The CNN part of the hybrid encoder is shown in Fig. 3. Given an RGB image \(x \in {\mathbb {R}}^{H \times \textrm{W} \times C}\) with 3 channels and its corresponding binary mask y, we first feed image x into the ResNet50 [57] network pre-trained on the ImageNet dataset to extract the output feature representations of the fourth layer.

The stage 0 in Fig. 3 is the first layer of the ResNet 50 network, which performs convolution, regularization, activation functions, and max pooling on the input image. The stage 1–stage 3 in Fig. 3 are the second–fourth layers of the ResNet 50 network, each of them contains two residual blocks with skip connection, namely Conv Block and Identity Block.

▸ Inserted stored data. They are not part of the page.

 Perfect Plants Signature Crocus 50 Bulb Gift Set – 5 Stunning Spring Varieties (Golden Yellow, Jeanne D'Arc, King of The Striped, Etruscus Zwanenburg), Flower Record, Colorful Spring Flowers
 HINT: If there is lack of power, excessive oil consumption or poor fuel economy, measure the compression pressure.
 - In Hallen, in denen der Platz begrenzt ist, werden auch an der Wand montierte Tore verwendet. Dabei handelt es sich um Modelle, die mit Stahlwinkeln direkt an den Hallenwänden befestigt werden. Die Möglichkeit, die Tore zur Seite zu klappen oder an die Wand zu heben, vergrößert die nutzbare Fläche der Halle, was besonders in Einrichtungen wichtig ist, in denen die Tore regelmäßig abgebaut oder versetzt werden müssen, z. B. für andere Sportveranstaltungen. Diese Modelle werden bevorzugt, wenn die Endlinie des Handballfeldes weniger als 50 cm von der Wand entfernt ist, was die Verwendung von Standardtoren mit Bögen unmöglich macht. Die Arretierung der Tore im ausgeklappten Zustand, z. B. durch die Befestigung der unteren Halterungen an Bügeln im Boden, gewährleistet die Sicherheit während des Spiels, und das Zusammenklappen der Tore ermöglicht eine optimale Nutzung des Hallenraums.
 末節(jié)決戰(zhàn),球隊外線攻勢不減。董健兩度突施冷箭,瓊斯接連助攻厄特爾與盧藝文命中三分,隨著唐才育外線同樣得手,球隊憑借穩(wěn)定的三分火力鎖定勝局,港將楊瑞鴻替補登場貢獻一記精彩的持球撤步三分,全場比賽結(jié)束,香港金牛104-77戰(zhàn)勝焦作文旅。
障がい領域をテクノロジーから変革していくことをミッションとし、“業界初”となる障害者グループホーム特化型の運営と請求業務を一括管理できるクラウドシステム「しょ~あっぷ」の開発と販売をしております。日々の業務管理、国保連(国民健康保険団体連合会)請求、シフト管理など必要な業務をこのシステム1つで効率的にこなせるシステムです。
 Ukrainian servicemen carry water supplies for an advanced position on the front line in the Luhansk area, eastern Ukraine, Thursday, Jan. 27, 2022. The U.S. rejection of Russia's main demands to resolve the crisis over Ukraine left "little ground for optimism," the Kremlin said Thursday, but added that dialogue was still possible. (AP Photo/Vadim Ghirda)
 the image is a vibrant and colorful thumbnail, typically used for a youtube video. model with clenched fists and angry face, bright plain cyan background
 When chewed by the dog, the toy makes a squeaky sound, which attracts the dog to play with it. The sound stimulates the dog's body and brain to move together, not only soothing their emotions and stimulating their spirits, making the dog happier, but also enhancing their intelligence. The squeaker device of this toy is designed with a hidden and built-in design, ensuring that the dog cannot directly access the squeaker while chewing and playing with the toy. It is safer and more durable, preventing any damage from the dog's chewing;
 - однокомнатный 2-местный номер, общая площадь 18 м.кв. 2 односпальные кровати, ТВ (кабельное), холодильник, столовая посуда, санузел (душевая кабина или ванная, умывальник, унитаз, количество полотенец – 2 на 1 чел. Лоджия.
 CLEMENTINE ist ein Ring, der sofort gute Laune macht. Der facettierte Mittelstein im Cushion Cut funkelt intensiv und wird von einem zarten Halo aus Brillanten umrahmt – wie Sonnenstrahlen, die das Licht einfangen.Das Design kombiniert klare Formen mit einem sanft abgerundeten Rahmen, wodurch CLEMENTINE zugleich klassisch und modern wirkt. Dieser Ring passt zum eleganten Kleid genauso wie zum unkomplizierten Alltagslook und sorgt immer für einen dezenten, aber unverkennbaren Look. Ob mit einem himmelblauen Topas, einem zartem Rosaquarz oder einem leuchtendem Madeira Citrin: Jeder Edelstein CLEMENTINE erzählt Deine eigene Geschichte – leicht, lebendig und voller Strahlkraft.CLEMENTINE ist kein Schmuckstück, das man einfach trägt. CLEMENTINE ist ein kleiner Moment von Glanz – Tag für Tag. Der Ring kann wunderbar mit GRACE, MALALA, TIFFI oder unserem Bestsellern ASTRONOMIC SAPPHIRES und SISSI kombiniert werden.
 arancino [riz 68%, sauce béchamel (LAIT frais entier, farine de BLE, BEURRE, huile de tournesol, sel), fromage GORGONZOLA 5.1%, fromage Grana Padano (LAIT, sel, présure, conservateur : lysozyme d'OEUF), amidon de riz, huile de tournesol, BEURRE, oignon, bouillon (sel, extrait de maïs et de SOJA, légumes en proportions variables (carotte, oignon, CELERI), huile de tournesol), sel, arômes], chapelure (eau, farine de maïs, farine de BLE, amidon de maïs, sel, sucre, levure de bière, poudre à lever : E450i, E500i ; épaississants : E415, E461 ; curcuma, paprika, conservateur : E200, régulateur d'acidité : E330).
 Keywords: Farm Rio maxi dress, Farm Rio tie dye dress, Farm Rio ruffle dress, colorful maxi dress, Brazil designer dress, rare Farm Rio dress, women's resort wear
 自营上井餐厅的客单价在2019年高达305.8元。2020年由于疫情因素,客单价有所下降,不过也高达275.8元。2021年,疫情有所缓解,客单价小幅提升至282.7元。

The Conv Block is applied to change the dimension of the feature maps, while the Identity Block corresponds to the case where the input has the same dimension as the output. The utilization of the residual module solves the problem of gradient vanishing or exploding when training deep neural networks, and it can also preserve and ensure data integrity to a certain extent.

The output feature representations of the first–fourth layers of ResNet50 are: \(F_0 \in {\mathbb {R}}^{\frac{H}{4} \times \frac{W}{4} \times 64}, F_1 \in {\mathbb {R}}^{\frac{H}{4} \times \frac{W}{4} \times 256}, \quad F_2 \in {\mathbb {R}}^{\frac{H}{8} \times \frac{W}{8} \times 512}, \quad F_3 \in {\mathbb {R}}^{\frac{H}{16} \times \frac{W}{16} \times 1024}\). We employ \(F_3\) as the input of the Transformer encoder.

3.1.2 Transformer Encoder Block

Fig. 4
figure 4

One layer of the Transformer encoder. Each consists of MSA and MLP blocks, with LN applied before every block, and residual connection applied after every block

The Transformer encoder employed in ViT first splits the input image \(x \in {\mathbb {R}}^{H \times \textrm{W} \times C}\) into N non-overlapping patches of the size P\(\times\)P, obtaining a flattened 2D sequence:\(\left\{ x_P^i \in {\mathbb {R}}^{P^2 \cdot c} \mid i=1,2 \ldots \textrm{N}\right\}\), where sequence length \(N=\frac{H \times W}{P^2}\). Then, the encoder uses a trainable linear projection to map the serialized \(x_P\) into the D-dimensional embedding space. To obtain the \(1 \times 1\) patch sequence \(z_0\), each block is randomly initialized and embedded through the convolution layer with a kernel size of \(P\times \textrm{P}\):

$$\begin{aligned} {\textbf{z}}_0=\left[ {x}_{cls} ;\,\,{x}_P^1 {\textbf{E}} ;\,\,{x}_P^2 {\textbf{E}} ;\,\,\cdots ;\,\,{x}_P^N {\textbf{E}}\right] +{\textbf{E}}_{p o s}, \end{aligned}$$
(1)

where \({\textbf{z}}_0\) is the \(1 \times 1\) patch sequence input to the L-layer Transformer encoder after linear mapping and position embedding, \({x}_{cls}\) is a class token that gathers information from all the patches, \({\textbf{E}} \in {\mathbb {R}}^{\left( P^2 \cdot C\right) \times D}\) denotes the trainable linear projection, and \({\textbf{E}}_{p o s} \in {\mathbb {R}}^{(N+1) \cdot D}\) denotes the position embedding.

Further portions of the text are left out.